*** Block opens ***

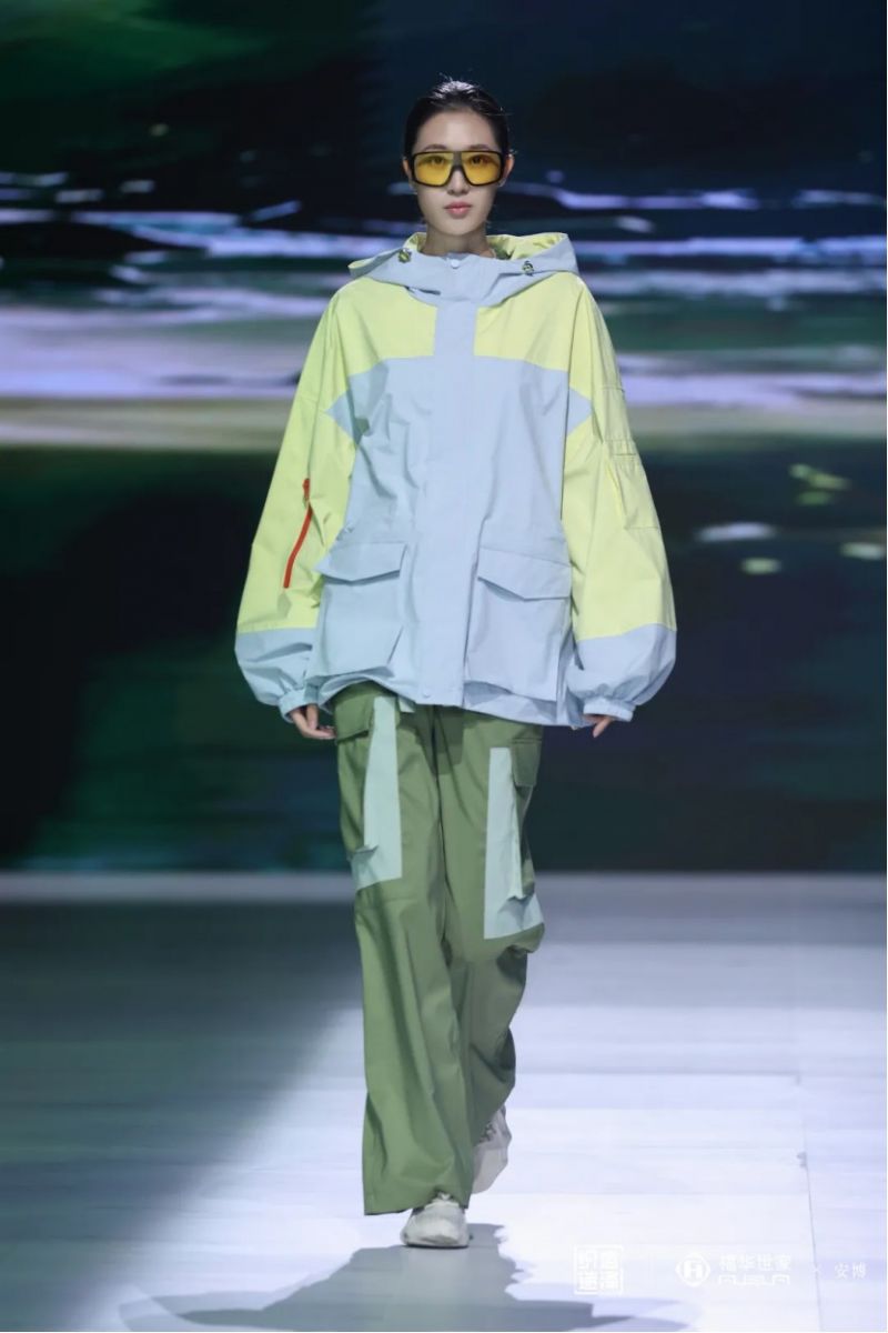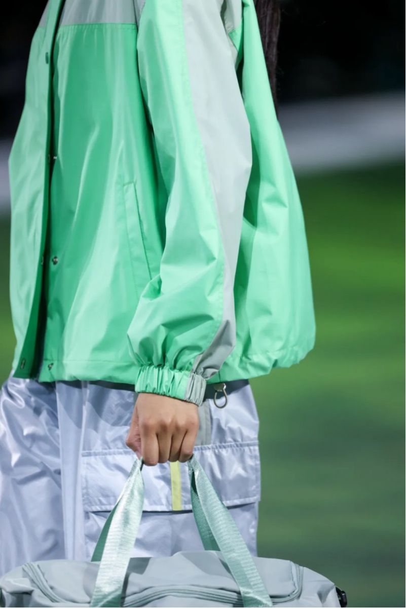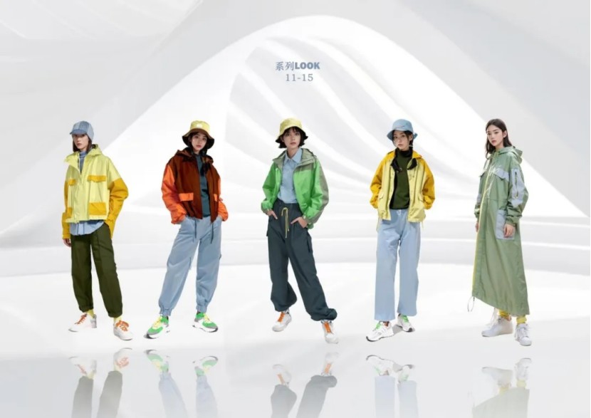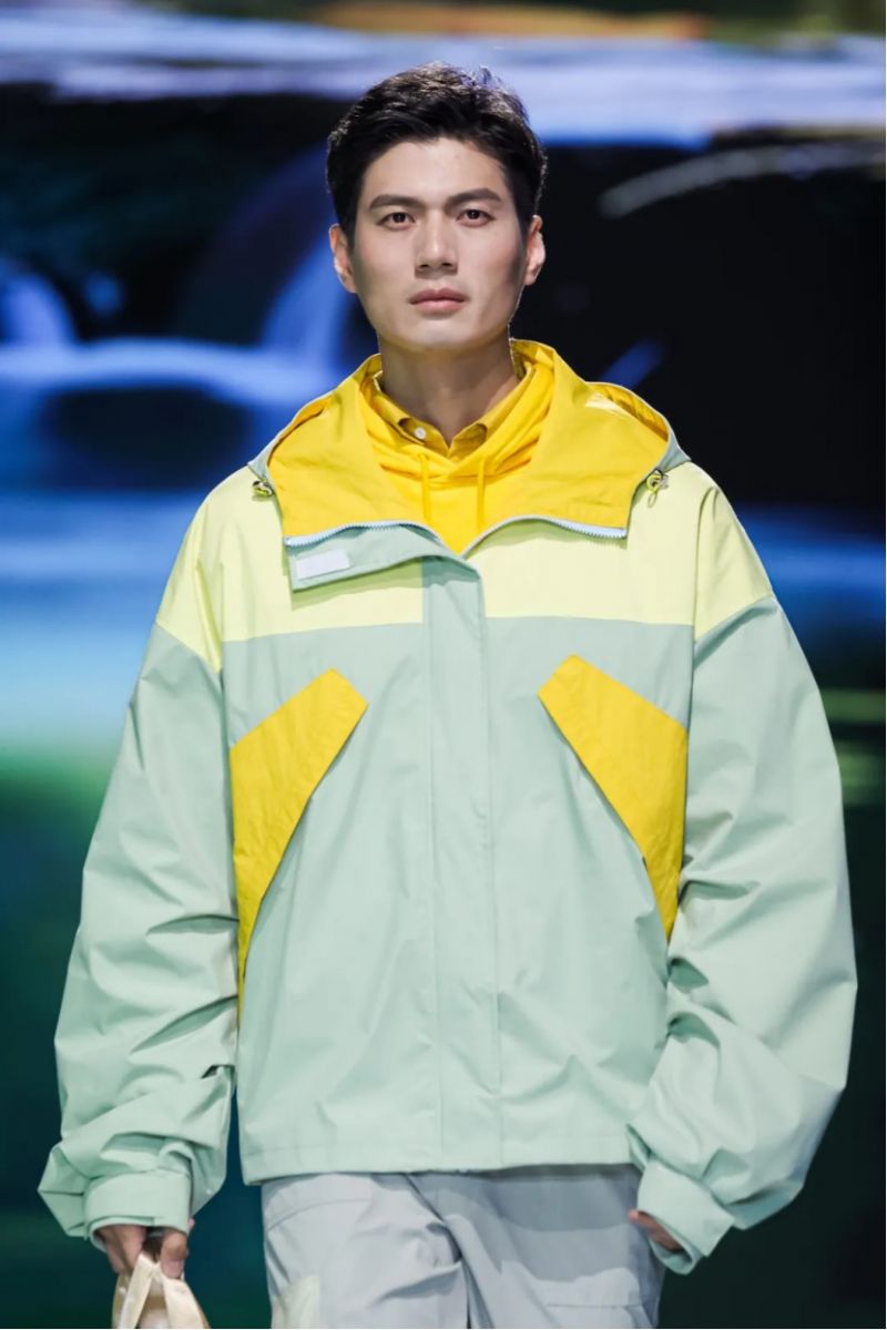 本系列設(shè)計色彩取之于自然萬物中的天、地、水、植,例如嫩芽黃、萊姆綠、香水藍(lán)等等。同時在面料上的選擇也考慮到了不同溫度環(huán)境下的穿著體驗,包括不同克重的錦綸、滌綸面料,同時考慮到了環(huán)保因素,一部分漁網(wǎng)回收的錦綸同樣運用到了此系列中。通過色彩與面料的巧妙搭配,讓本系列整體風(fēng)格顯得明快自然、舒適閑逸,通勤與戶外的有機結(jié)合,也讓此類輕戶外風(fēng)格更能得到當(dāng)下消費者的青睞。
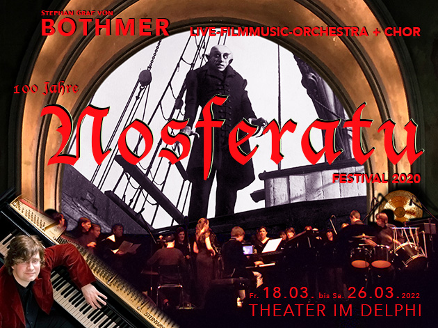 NOSFERATU wird von Stephan Graf v. Bothmers Berliner Live-Filmmusic-Orchestra + Chor interpretiert. Bothmers Musik ist packend und extrem suggestiv: statt den Film zu überladen, schlüpft sie quasi in den Film hinein, lässt Archetypen lebendig werden und nimmt das Publikum mit. Es erlebt den Film von innen heraus!
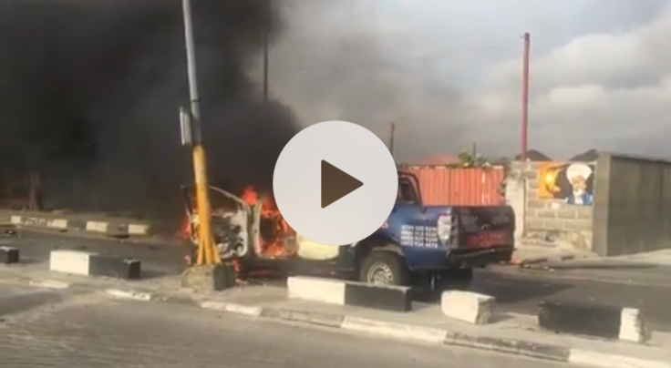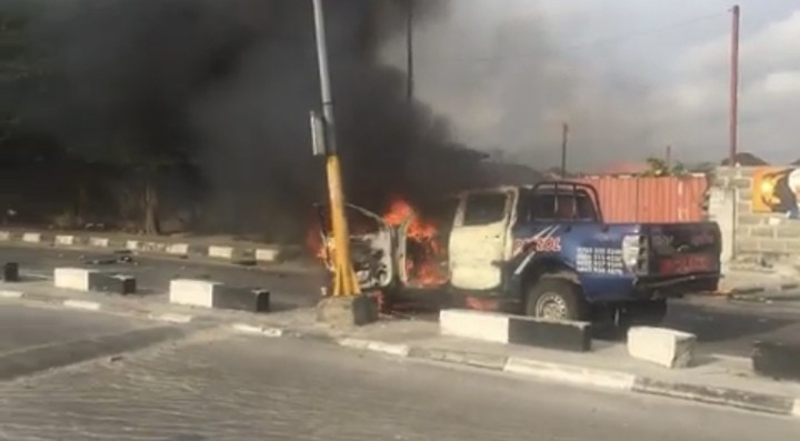 A police van has been burnt down by Nigerian protesters situation at Shoprite Mall, Osapa, Lekki.
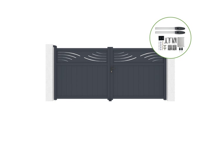 Drehtor 3,4 m HALTI H.160 cm Aluminium + HICKER B200 Motorisierung
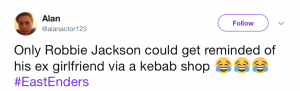 Yesterday evening’s trip to Walford left fans in stitches after Robbie Jackson spent the whole episode moping around in the wake of girlfriend Donna leaving the Square on Friday.
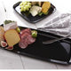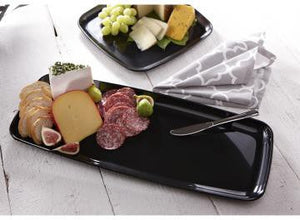 Sleek and Modern Design: The Mozaek 9"x 22" Plastic Black Rectangle Platter features a sleek and modern design, adding a touch of contemporary elegance to your table setting. The black color enhances the overall presentation, making it a stylish choice for a variety of culinary delights.
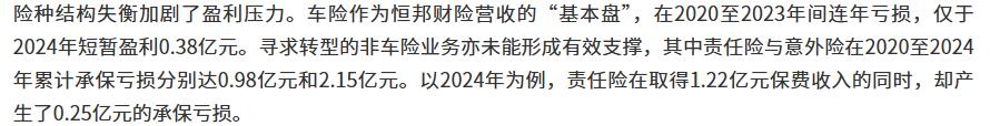 业务结构失衡是恒邦财险承保亏损的重要原因。据《湾财社》报道,车险作为营收的“基本盘”,在2020至2023年间连年亏损,仅于2024年短暂盈利0.38亿元。而寻求转型的非车险业务亦未能形成有效支撑,其中责任险与意外险在2020至2024年累计承保亏损分别达0.98亿元和2.15亿元。

*** Block closes ***

YOUR OBJECTIVE: Word for word, return the listing above; the pictures do not belong in the copy.

EXERCISE OUTPUT:
 本系列設(shè)計色彩取之于自然萬物中的天、地、水、植,例如嫩芽黃、萊姆綠、香水藍(lán)等等。同時在面料上的選擇也考慮到了不同溫度環(huán)境下的穿著體驗,包括不同克重的錦綸、滌綸面料,同時考慮到了環(huán)保因素,一部分漁網(wǎng)回收的錦綸同樣運用到了此系列中。通過色彩與面料的巧妙搭配,讓本系列整體風(fēng)格顯得明快自然、舒適閑逸,通勤與戶外的有機結(jié)合,也讓此類輕戶外風(fēng)格更能得到當(dāng)下消費者的青睞。
 NOSFERATU wird von Stephan Graf v. Bothmers Berliner Live-Filmmusic-Orchestra + Chor interpretiert. Bothmers Musik ist packend und extrem suggestiv: statt den Film zu überladen, schlüpft sie quasi in den Film hinein, lässt Archetypen lebendig werden und nimmt das Publikum mit. Es erlebt den Film von innen heraus!
 A police van has been burnt down by Nigerian protesters situation at Shoprite Mall, Osapa, Lekki.
 Drehtor 3,4 m HALTI H.160 cm Aluminium + HICKER B200 Motorisierung
 Yesterday evening’s trip to Walford left fans in stitches after Robbie Jackson spent the whole episode moping around in the wake of girlfriend Donna leaving the Square on Friday.
 Sleek and Modern Design: The Mozaek 9"x 22" Plastic Black Rectangle Platter features a sleek and modern design, adding a touch of contemporary elegance to your table setting. The black color enhances the overall presentation, making it a stylish choice for a variety of culinary delights.
 业务结构失衡是恒邦财险承保亏损的重要原因。据《湾财社》报道,车险作为营收的“基本盘”,在2020至2023年间连年亏损,仅于2024年短暂盈利0.38亿元。而寻求转型的非车险业务亦未能形成有效支撑,其中责任险与意外险在2020至2024年累计承保亏损分别达0.98亿元和2.15亿元。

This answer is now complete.